To begin with, my experience and knowledge in electronics are very limited. I am familiar with Ohm's law, but only in theory.
I'm developing a small device for which I need a nichrome wire to glow for a minimum of 5 seconds. It shall be powered by a battery, as small as possible. The whole device is disposable so it doesn't matter if the battery goes flat after 5 seconds. The nichrome wire needs to be at least 0.2 mm diameter and 3-5 cm long (but the longer/thicker the better).
I have read every forum covering this topic and have figured out that I need a battery that can supply enough current. I was therefore thinking of the high capacity coin cell battery CR2477 (1000mAh, 3V).

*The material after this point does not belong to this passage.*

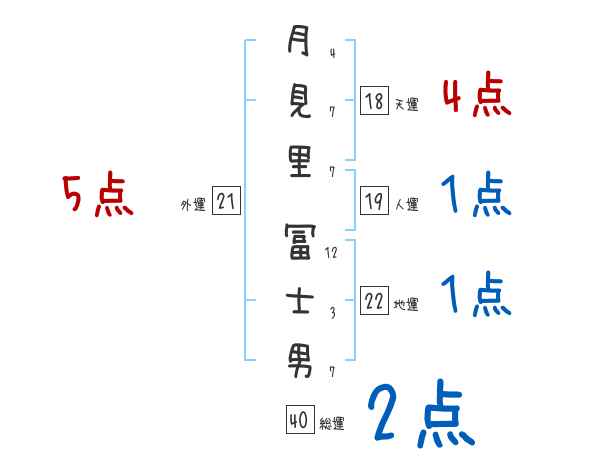 外運![]() | 月見里冨士男さんの外運は21画の5つ星!統率力がある。独立し成功する。名誉を手に入れる。 生活面を象徴する運勢です。外部から受ける影響力を表し、結婚運、家庭運や職場、環境への順応性を表します。 |

I have found this great website that lets you calculate power requirements for a given wire: http://www.jacobs-online.biz/nichrome/NichromeCalc.html
When I insert my values (5 cm wire, 32 gage, 2V) I get a required current of 1.15 amps. I inserted 2V because of internal resistance of the battery, don't know if that was correct.

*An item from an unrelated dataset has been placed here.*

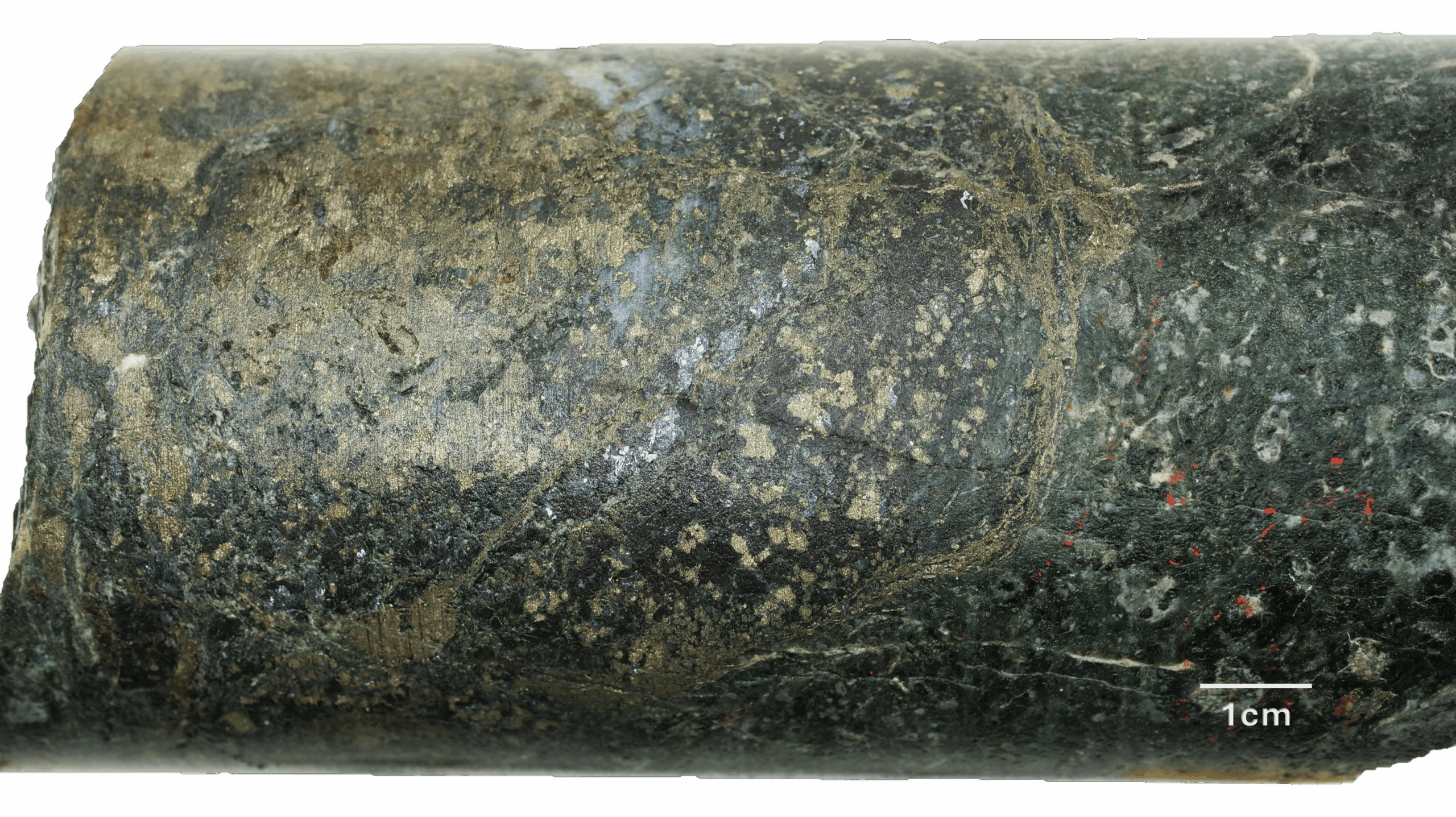 The gold mineralization in THN25-344 is hosted within Triassic lapilli tuff, intruded by a Cretaceous quartz diorite and a feldspar porphyry dike of unknown age. Gold is associated with vein assemblages of pyrite-sphalerite-galena as seen in Figures 2 and 3. While mineralization is hosted within all three rock types, higher grade favours the contacts between these units. Low grade gold mineralization occurs between these reported intervals.

Will the CR2477 battery be able to deliver this current for 5 seconds? Or will it explode or burn? In the data sheet of the battery I read a max pulse current of 25mA. But I was thinking that if a standard 9V battery could do the job, this one will also, because it's got a higher capacity (though lower voltage).
I'd like to have an idea of the risks before I start experimenting at home.
Can anybody give a hint if this will work or if it's useless/dangerous? Thanks in advance!